Finalmente in tanto numero di attori che han parte in questo dramma, tra’ quali sono non pochi di malvagia natura, si è proceduto con tanta prudenza, che non sia il menomo pericolo alle anime più pure, e per lo contrario sieno in essi confortati i buoni e santi sentimenti.
A queste due utilità noi ci auguriamo che i lettori sentiranno unito il diletto per quello che è poesia, per la novità e originalità delle cose vere che si rappresentano, per l’interesse delle situazioni, per la verità delle scene naturali.
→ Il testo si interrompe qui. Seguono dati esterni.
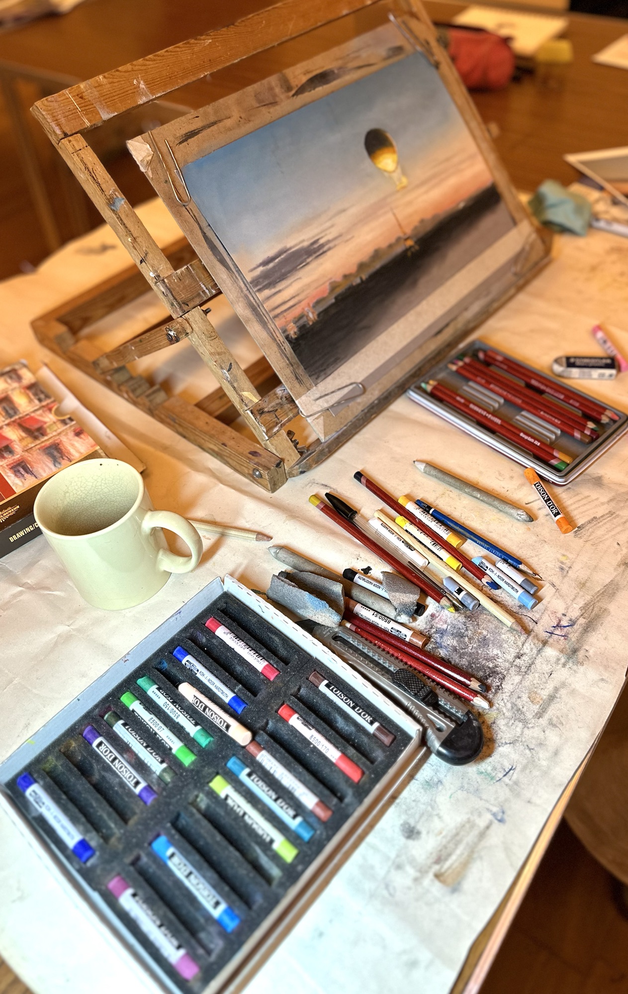 Steve’s posterised image of Frida Kahlo was painted in acrylics and the other in black pastel on grey pastel paper with a dramatic pop of lip colour in pink. Chalk Church was created when we visited last month, again in pastel but using many colours for a realistic picture.

Ma tanto è forse più che assai su questo rispetto, sul quale convien aspettare il giudizio de’ critici illuminati.
Non per semplice abbellimento e lusso, ma per meglio rappresentar col disegno e i colori certe cose particolari, delle quali per le parole non si potrebbe porgere un’imagine giusta, si pubblicherà un piccolo Atlante, nel quale saranno rappresentate le diverse foggie delle vesti nazionali, alcune scene del dramma, i monumenti più considerevoli degli antichi coloni dell’isola, e la corografia della medesima, qual era nei tempi di Leonora, perché si conoscano i luoghi descritti, e come l’eroina da una in altra vittoria siasi avanzata da un capo all’altro del regno, dalla sua rocca di Monteleone al Real Castello di Cagliari, dove dettò le leggi della pace agli Aragonesi.
Noi non crediamo prometter troppo promettendo che dopo la lettura considerata di questo poema, spesso illustrato da noterelle, si avrà il frutto di una cognizione di quell’isola e nazione, quale e quanta un estero appena potrebbe sperare dalla oculata esplorazione di tutte le parti di quella terra e dalla lunga pratica con gli abitatori delle varie contrade. L’autore che questo, come dicemmo, si propose, avrebbe mancato a se stesso?